▸ Given information
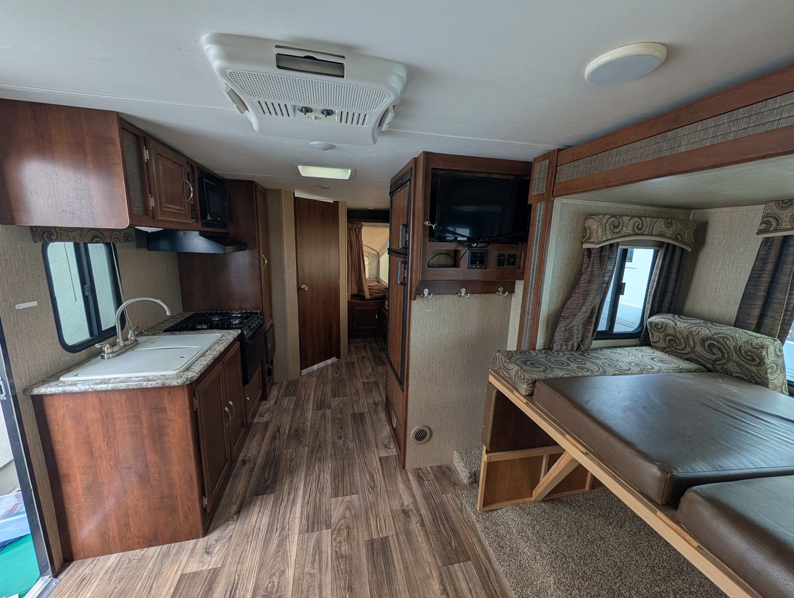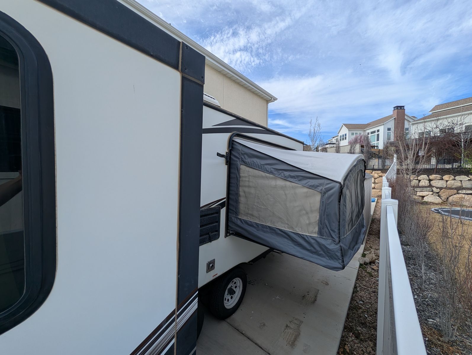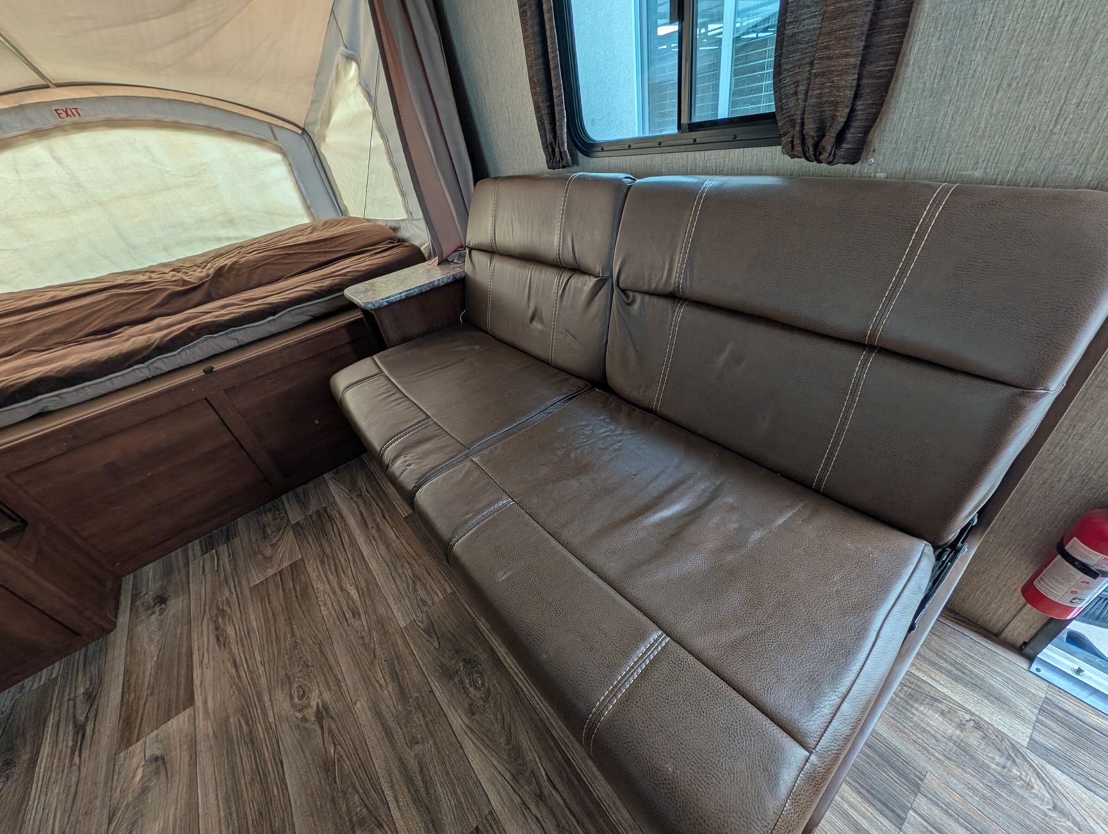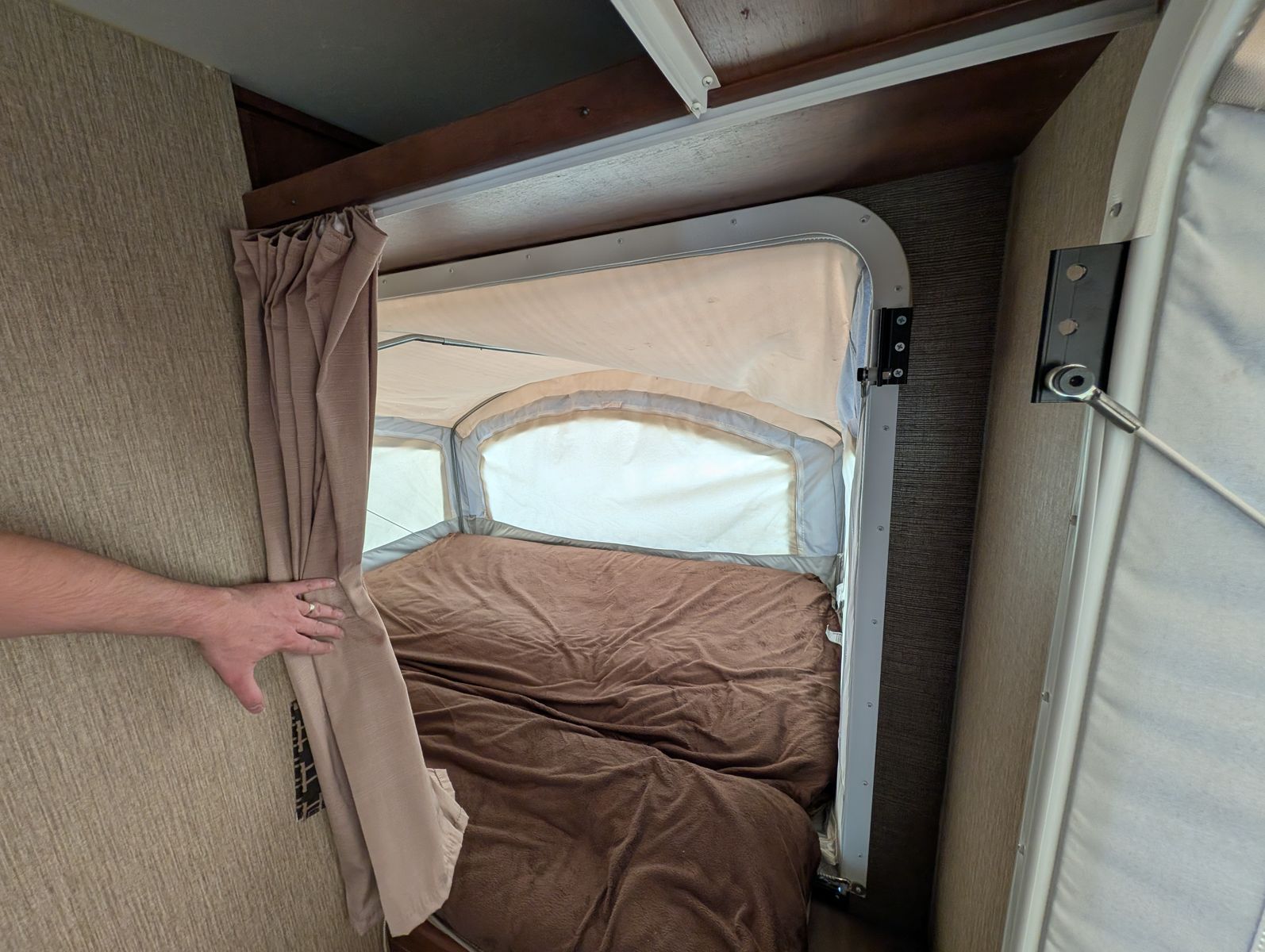 Brand new tires (last week), all pop-out tents in great condition, working freezer, fridge, sinks, oven, microwave, TV, AC, heater, water heater, showers (inside/outside), awning, pop-out.
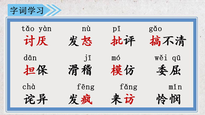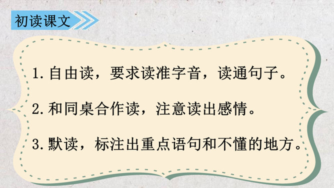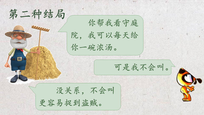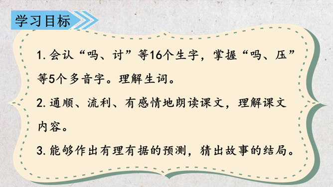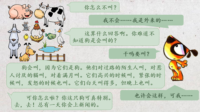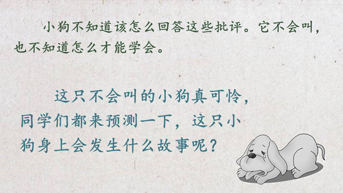 学习目标:1.会认“吗、讨”等16个生字,掌握“吗、压”等5个多音字。理解生词。2.通顺、流利、有感情地朗读课文,理解课文内容。3.能够作出有理有据的预测,猜出故事的结局。初读课文:1.自由读,要求读准字音,读通句子。2.和同桌合作读,注意读出感情。3.默读,标注出重点语句和不懂的地方。同学们分角色朗读课文,猜一猜本文的结局会是怎样的。故事的结局可能是怎样的?说说你的理由。所属专题:不会叫的狗ppt。
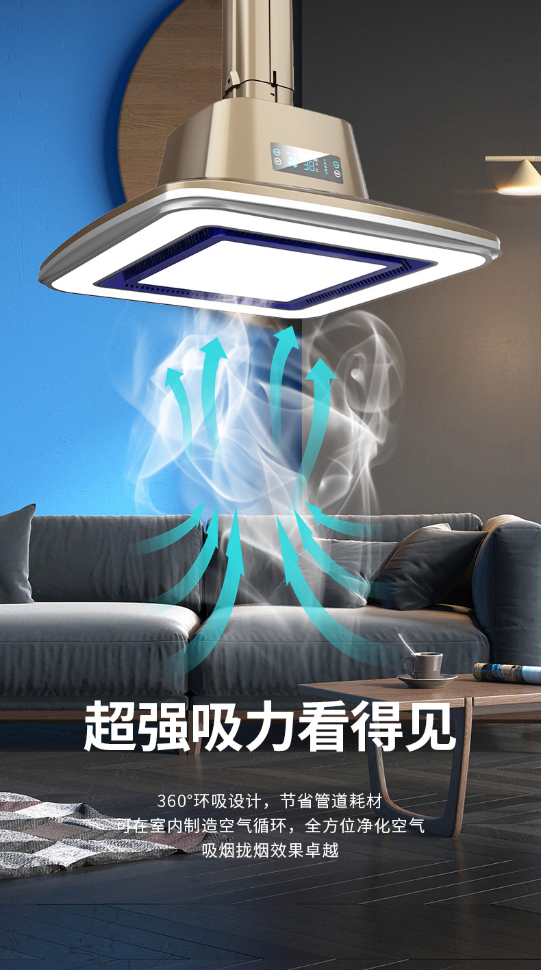 酒店、棋牌室、包間、KTV、會所、候車廳等除煙除塵凈化燈,集吸煙、照明、裝飾三位一體

▸ How to complete this task
The result should be the full material above, word for word, with its pictures omitted.

▸ Result of the task
 Brand new tires (last week), all pop-out tents in great condition, working freezer, fridge, sinks, oven, microwave, TV, AC, heater, water heater, showers (inside/outside), awning, pop-out.
 学习目标:1.会认“吗、讨”等16个生字,掌握“吗、压”等5个多音字。理解生词。2.通顺、流利、有感情地朗读课文,理解课文内容。3.能够作出有理有据的预测,猜出故事的结局。初读课文:1.自由读,要求读准字音,读通句子。2.和同桌合作读,注意读出感情。3.默读,标注出重点语句和不懂的地方。同学们分角色朗读课文,猜一猜本文的结局会是怎样的。故事的结局可能是怎样的?说说你的理由。所属专题:不会叫的狗ppt。
 酒店、棋牌室、包間、KTV、會所、候車廳等除煙除塵凈化燈,集吸煙、照明、裝飾三位一體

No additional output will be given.